'I don't think we've done all we can to save lives': Sask. bishop blasts government's COVID-19 response

Saskatchewan Anglican Bishop Michael Hawkins spoke to CBC reporter Jason Warick about his frustration with provincial COVID-19 policies, and about the misconception that religious leaders are lobbying for restrictions to be lifted.

Anglican Bishop Michael Hawkins survived a near-fatal COVID-19 infection late last year

Anglican Diocese of Saskatchewan Bishop Michael Hawkins, who nearly died of COVID-19 and spent several days in an intensive care unit, is frustrated the provincial government is not doing more to curb the virus's spread. (Jason Warick/CBC)

A prominent religious leader is calling Saskatchewan's COVID-19 response "morally reprehensible."

Bishop Michael Hawkins presides over the Anglican Diocese of Saskatchewan, which covers Prince Albert and all Anglican churches north of it in the province. He survived a near-fatal COVID-19 infection late last year that required two lengthy stays in the intensive care unit.
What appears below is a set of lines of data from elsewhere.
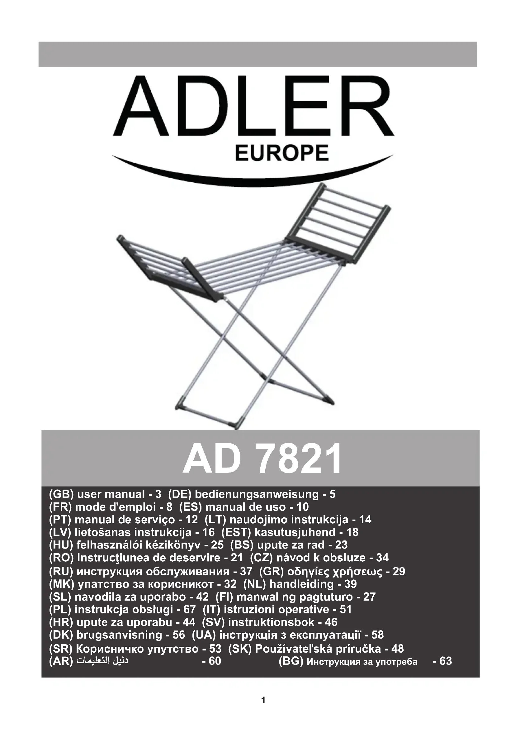 Retrouvez gratuitement la notice de l'appareil AD 7821 ADLER au format PDF.
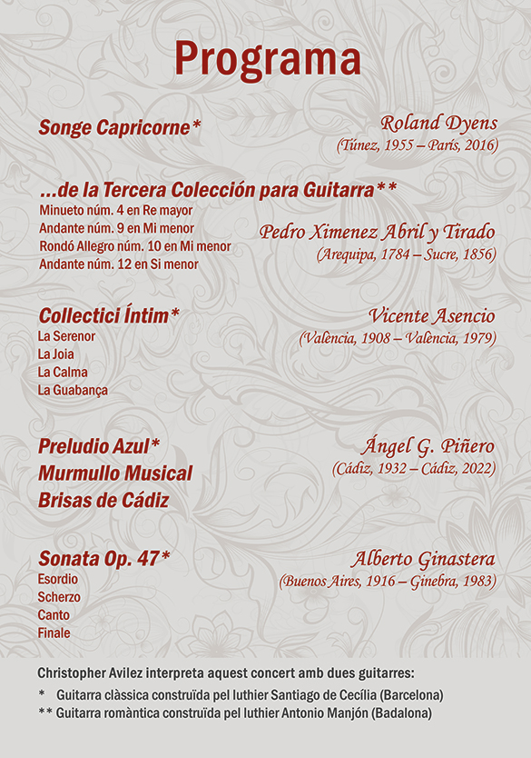 In this recital, he will perform a remarkable repertoire using two different guitars: a classical concert guitar and a romantic guitar. His performance will include works from various periods and composers with distinct styles: Pedro Ximénez Abril y Tirado, Vicente Asencio, Alberto Ginastera, Ángel G. Piñero, and Roland Dyens.
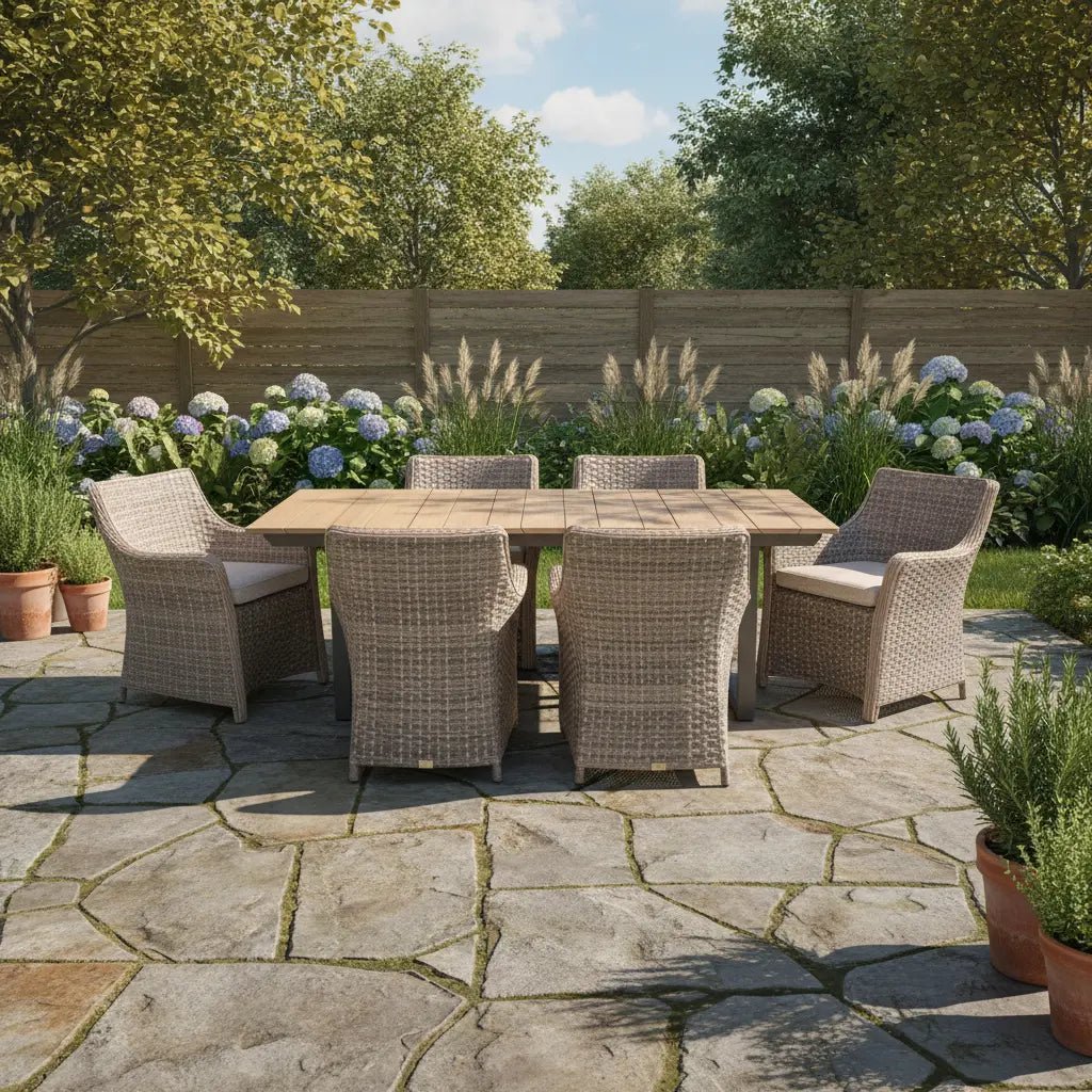Expertly crafted, the Tacoma 7 Piece Woven Dining Group is the perfect addition to any patio collection. This group offers both style and durability, with deluxe cushions, resin/vinyl wicker, and welded frames. The 48" x 80" Rectangle E-Teak Slat Dining Table expertly coordinates with the 6 Cushioned Woven Dining Arm Chairs, making your dining experience both one of ease, and one of style. The Grey Blend weave and Oat colored fabric bring refreshing lightness to any outdoor space. Improve your outdoor dining experience today with the Tacoma 7 Piece Woven Dining Group.
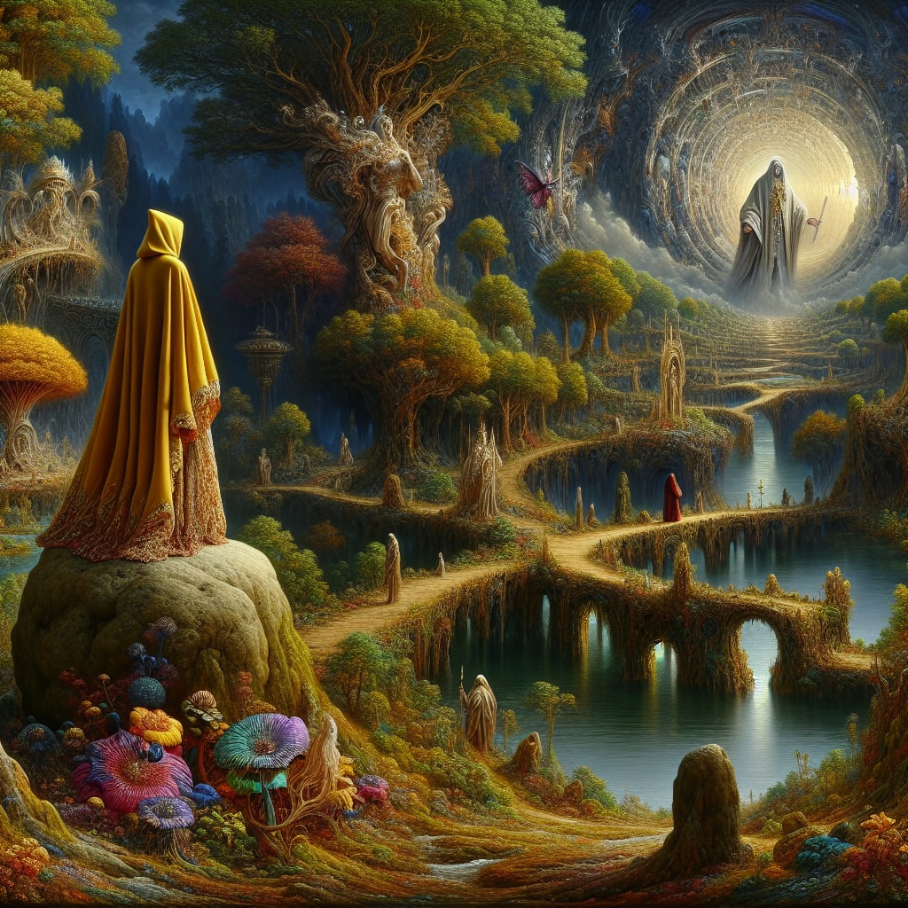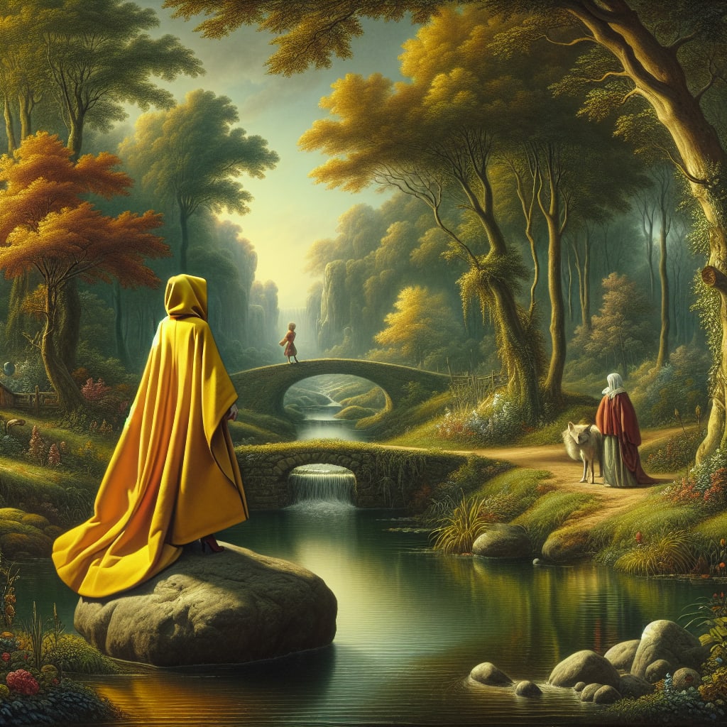 /showme painting of a woman in a yellow cloak standing on a rock in a forest, bridge between the worlds, very very well detailed image, the man stands out on the image, inspired by the Brothers Hildebrandt, in a baroque style, kanye, contemplating, gerit dou, guardian of the holy lake, distant hooded figures, very surreal garden, il, b
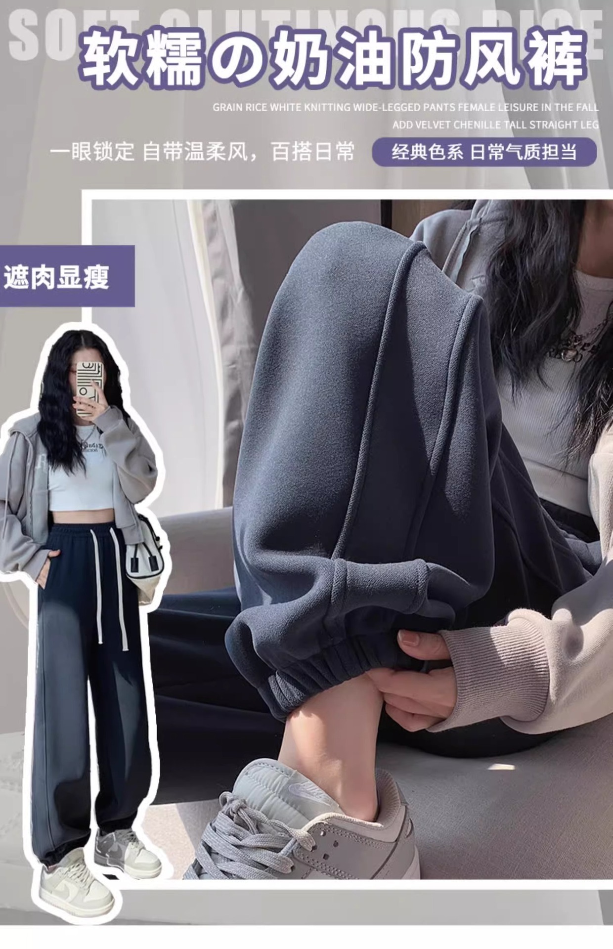 루즈핏 방풍 기모 여성용 2025 봄 신상 루즈핏 스웨트팬츠 인기 방풍 팬츠 캐주얼 기모 가을 겨울스토어 가기
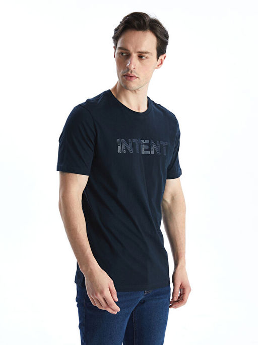 Bisiklet Yaka Bask?l? Penye Erkek Ti??rt
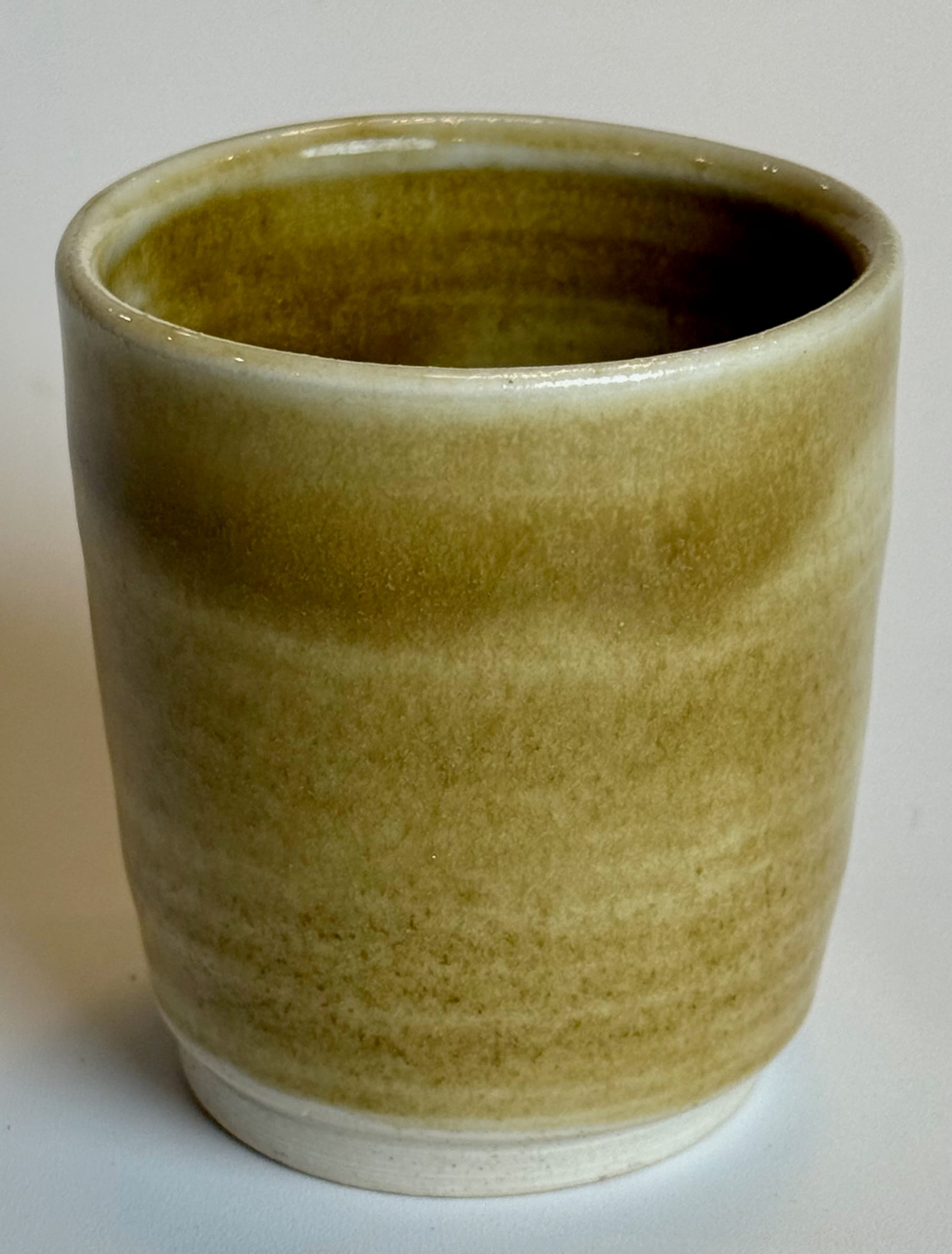 After the line blend setup was complete, the remaining glaze was combined and used on the cup presented above. This would correspond to Test 4, Tile 3 (55 / 45 Base-S to Base-Z). It's a melted, glassy glaze that exhibits some welcome movement where thicker, is not crazed, and corresponds to the following glaze recipe.
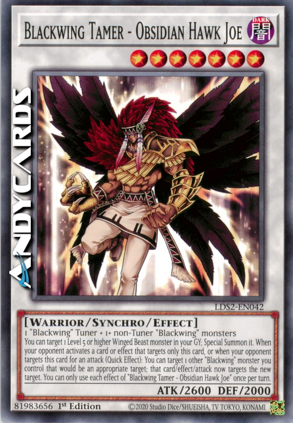 You can target 1 Level 5 or higher Winged Beast-Type monster in your Graveyard; Special Summon it. During either player's turn, when your opponent targets exactly this card (and no other cards) for an attack, or with a card effect: You can target 1 other "Blackwing" monster you control that would be an appropriate target; that attack/effect now targets the new target. You can only use each effect of "Blackwing Tamer - Obsidian Hawk Joe" once per turn.
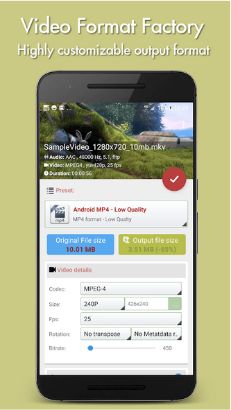 هو واحد من أسرع محولات وضاغط الفيديو المتاحة لنظام Android. وهو يدعم تقريبًا جميع تنسيقات الفيديو مثل MP4 و AVI و MKV و MPEG و MOV والمزيد. يمكنك استخدام هذه الأداة الذكية لضغط وتحويل وتغيير دقة الفيديو وتعديل معدل البت الصوتي لملف الفيديو وغير ذلك الكثير. يوفر نتائج عالية الجودة في الحجم الأمثل.
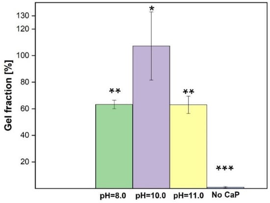 Samples at pH 6 form an unstable hydrogel, which starts to dissolve after 2 h, and therefore it was not possible to obtain a one-piece sample after 48 h. The reason for this might be too low a pH value. At lower pH values, HRP becomes inactive. As HRP is the crosslinker in our research, therefore the gel fraction changes in between the samples []. Gel fraction of the hydrogels synthesized at pH 8 and pH 11 do not statistically differ, which means that CaP type is not the dominant factor that affects how much of insoluble part the hydrogel has. Statistical analysis of the data shows that gel fraction between hydrogels synthesized at pH 8 and pH 11 does not have a significant difference; only hydrogels synthesized at pH 10 and without CaP have a significant difference in gel fraction results.

Hawkins spoke to CBC reporter Jason Warick about his frustration with provincial policies, and about the misconception that religious leaders are lobbying for restrictions to be lifted.

The conversation has been edited for length and clarity.

CBC: How do you feel the COVID-19 pandemic is being handled in the province? 

Hawkins: At the moment, I'm very concerned with the situation in Regina. But ICU and hospitalization numbers are increasing across areas of the province in ways that are alarming.

The half-measures we've adopted thus far will be ineffective. I don't think we've done all we can to save lives or protect the lives of the people of this province. I think other priorities have gotten in the way.

I fully reject any attempt to balance the economy with human life. It goes against all that I believe and think as a human being, let alone as a Christian.

You feel there has been too much emphasis on the economy, that the scale is tipped too far in that direction?

I feel terrible for people whose livelihoods and life savings have been jeopardized by this pandemic. We have not all been in this together. Some have suffered much greater financial impacts.

At the same time, I think it's morally reprehensible we have prioritized keeping bars open — I don't mean any ill-will to people that own or work in those businesses — while life-saving medical interventions and tests are delayed for a year for so many people. That scares me about our priorities as a province, and I don't think the government thought that out clearly enough.

I don't think we're doing all we can to save lives.

An Anglican bishop in Saskatchewan is encouraging everyone to get vaccinated for COVID-19 as soon as they can, but to remain vigilant about public health measures in the meantime. (Evan Mitsui/CBC)

You were hospitalized twice after contracting COVID-19. Does this affect your views?

Yes, my view of this is clouded by my own experience. The person in the bed beside me died from COVID. One of my priests died from COVID just this past week. A man who cared for him died as well.

People are dying in our province because of this disease. I, and I think a lot of other people, are willing to do much more to save lives.

Do you think that's still a good idea for churches to hold in-person services?

I'm very nervous about that. We were closed (last year) through Christmas and until February. We exceeded the provincial guidelines. I would say about half our churches (in his diocese) have opened now for regular Sunday gathering. Many have chosen to stay closed.

At Easter, I made a special appeal for people to be careful. I think we all need to go beyond the minimum requirements. But I took all the precautions and still managed to get sick.

Are you at the point where you should close in-person church services?

I don't think we're there yet (in Northern Saskatchewan). At the first sign we're headed in the same direction as Regina, we need to act before. We have not acted strongly to stop this disease. Alberta, Manitoba have taken drastic action. We seem to shy away from that.

If you think there should be more action, what do you think is preventing it?

I don't fully understand it, what it is that restrains them. The hesitancy to close down, which has become anathema to them, I can't figure it out.

You say you've spoken with other religious leaders about this. Do they feel the way you do?

I certainly think so. The fringe of religious movements or any movements get all the attention. COVID deniers get more attention that people who care for their neighbours and take precautions. We have not been pushing for things to be wide open. It's not something we're advocating.

Do you have any final thoughts?

I would encourage everyone to take all precautions they can. I'm still suffering from the results of COVID, in my heart and in my brain. There seems to be some permanent damage there. I'd encourage everyone to be safe and to get vaccinated when your turn comes.